◆ **Exercise details**: Repeat the lines from the one containing "- Sneak Previews" through the end of the listing exactly, both ends included. Do not carry over any pictures.

◆ **Data provided**:
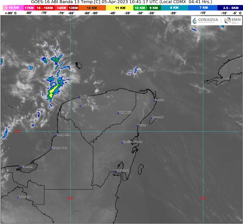 Hoy en la Península de Yucatán tendrán cielo parcialmente nublado y sin lluvia en la región; ambiente templado por la mañana, y cálido a caluroso por la tarde en zonas de Quintana Roo (35-40° C) y muy caluroso en Campeche y Yucatán (40-45° C); viento de componente este de 15 a 30 km/h en la región, con rachas de 50 a 60 km/h en Campeche, Yucatán y Quintana Roo.
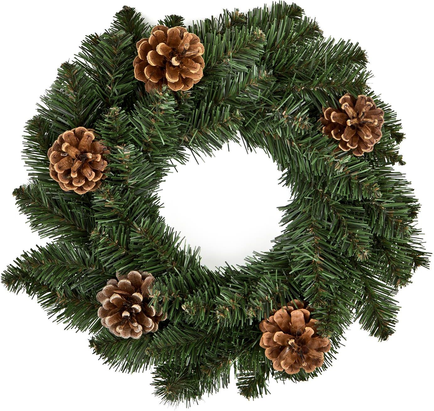 Dekoracyjny wianek świąteczny w kolorze zielonym. Wśród igieł widoczne są zielone igiełki i ozdobne szyszki. Średnica wianka ok. 35 cm pozwala zastosować go dla efektownego przyzdobienia drzwi. Będzie widoczny z daleka. Nie zwiędnie, a igiełki nie odpadną. Tworzywo sztuczne, z którego wykonany został wianek, jest odporne na przebarwienia. Wianek może być w formie okrągłej lub jako stroik na stole, lub drzwiach. Wianek udekoruje też wszelkie stoły, komody czy ławy. Otwór w środku pozwala na umieszczenie w nim np. świecznika czy figurki. Wówczas powstaje pełna kompozycja, a efekt zapiera dech w piersiach. Zgromadzeni przy stole goście z pewnością będą zachwyceni. Specyfikacja Producent: Bizar Materiał: tworzywo sztuczne Kolor: zielony Kształt: okrągły Wyposażenie: szyszki Zdjęcie tytułowe ma charakter poglądowy. Prezentowana aranżacja może zawierać elementy dekoracyjne niewchodzące w skład zestawu. Szczegóły dotyczące zawartości znajdują się w opisie produktu.
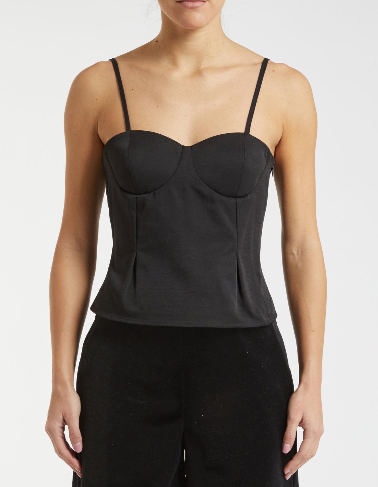 PENNYBLACK TOP a bustier di faille in blend di cotone. Ha un taglio aderente con pieghe al busto che creano linee svasate al fondo, spalline sottili e scollo con motivo a cuore sul davanti. Zip invisibile, sfoderato. Si abbina alla gonna e ai pantaloni coordinati.
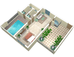 | Toilet/Bath | – | Toilet/bath full wall cladding in digital tiles. WC, Wash basin and shower with mixer. |
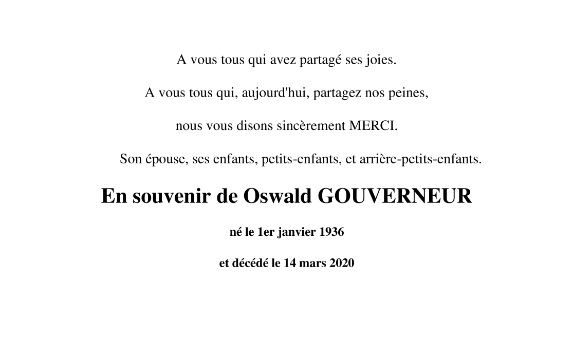 Monsieur Oswald GOUVERNEUR
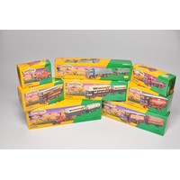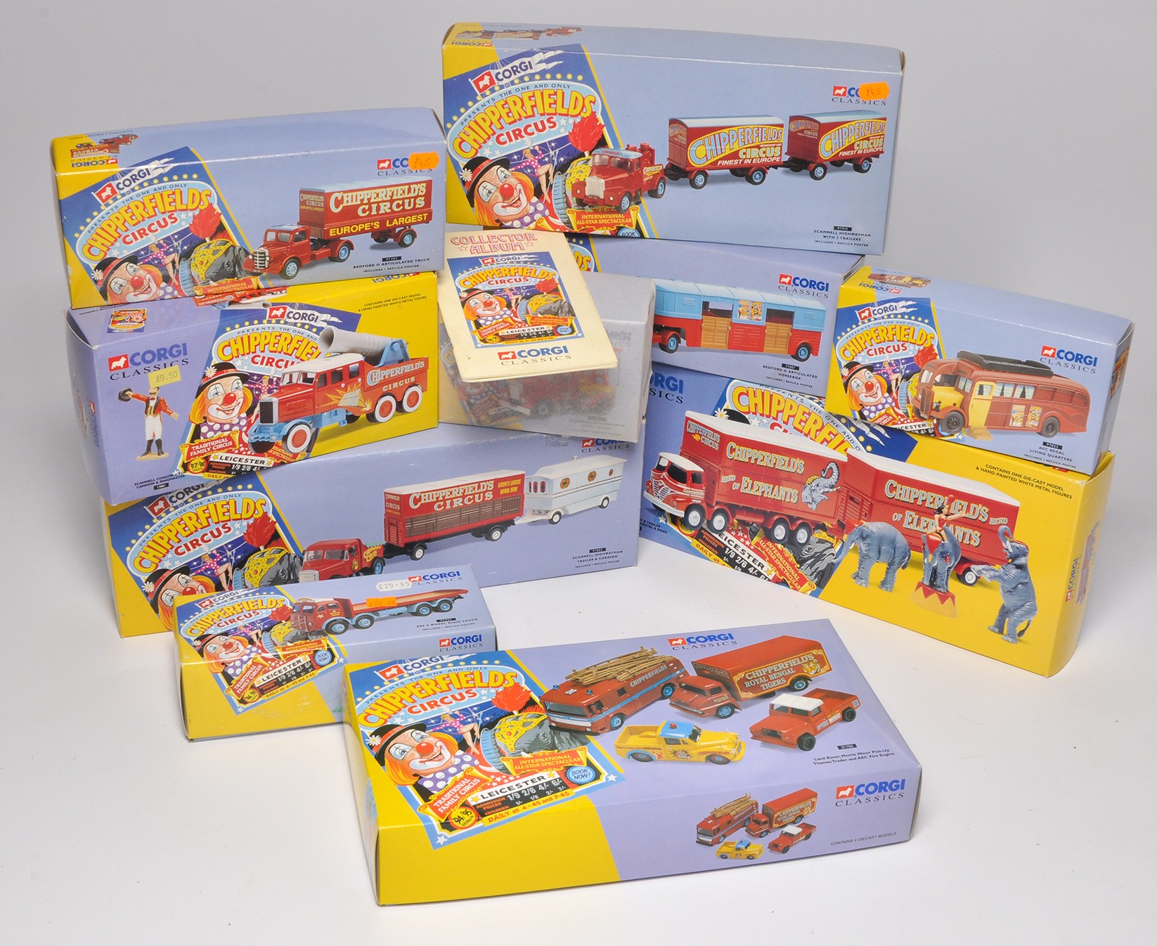 A group of 10 x Chipperfields circus diecast model vehicles to include trucks and commercial vehicles. Individual models comprise 1) Corgi Classics Chipperfields Circus Scammell Constructor CanNo. n & Ringmaster, 2) Chipperfields Circus AEC Regal Living Quarters, 3) Corgi Classics Chipperfields Circus Land Rover, Moris MiNo. r, Pick-up, Thames Trader & AEC Fire Engine, 4) Corgi Classics Chipperfields Circus Foden S21 Lorry & Trailer With Elephants, Pedestal & Rider, 5) Corgi Classics Chipperfields Circus Scammell Highwayman Trailer & Caravan , plus others as shown. All appear mostly excellent in original boxes, from an ex-shop collection.
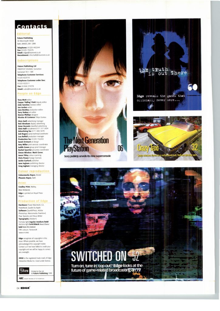- Sneak Previews – Previews of upcoming games including Spider (PlayStation), City of Lost Children (PlayStation), WCW vs. The World (PlayStation), League of Pain (PlayStation), Carmageddon (PlayStation, DOS), Rush Hour (PlayStation), Peak Performance (PlayStation), and Test Drive: Off-Road (PlayStation DOS, Windows 95).
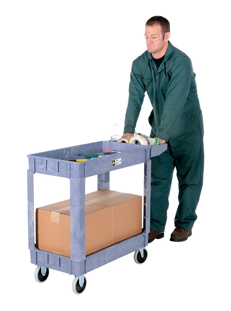 Plastic Utility Service Cart 2 Shelves 40 In. x 18-1/2 In. x 33-1/2 In. 550 Lb. Capacity GrayThis plastic utility service cart is constructed from durable yet lightweight structural foam plastic. Choose the two (2) shelf design to accommodate your application. Deep lips prevent parts from rolling off. Ideal for mail rooms, shipping docks, grocery stores, warehouses, and inventory rooms.

◆ **Reply to the task**:
- Sneak Previews – Previews of upcoming games including Spider (PlayStation), City of Lost Children (PlayStation), WCW vs. The World (PlayStation), League of Pain (PlayStation), Carmageddon (PlayStation, DOS), Rush Hour (PlayStation), Peak Performance (PlayStation), and Test Drive: Off-Road (PlayStation DOS, Windows 95).
 Plastic Utility Service Cart 2 Shelves 40 In. x 18-1/2 In. x 33-1/2 In. 550 Lb. Capacity GrayThis plastic utility service cart is constructed from durable yet lightweight structural foam plastic. Choose the two (2) shelf design to accommodate your application. Deep lips prevent parts from rolling off. Ideal for mail rooms, shipping docks, grocery stores, warehouses, and inventory rooms.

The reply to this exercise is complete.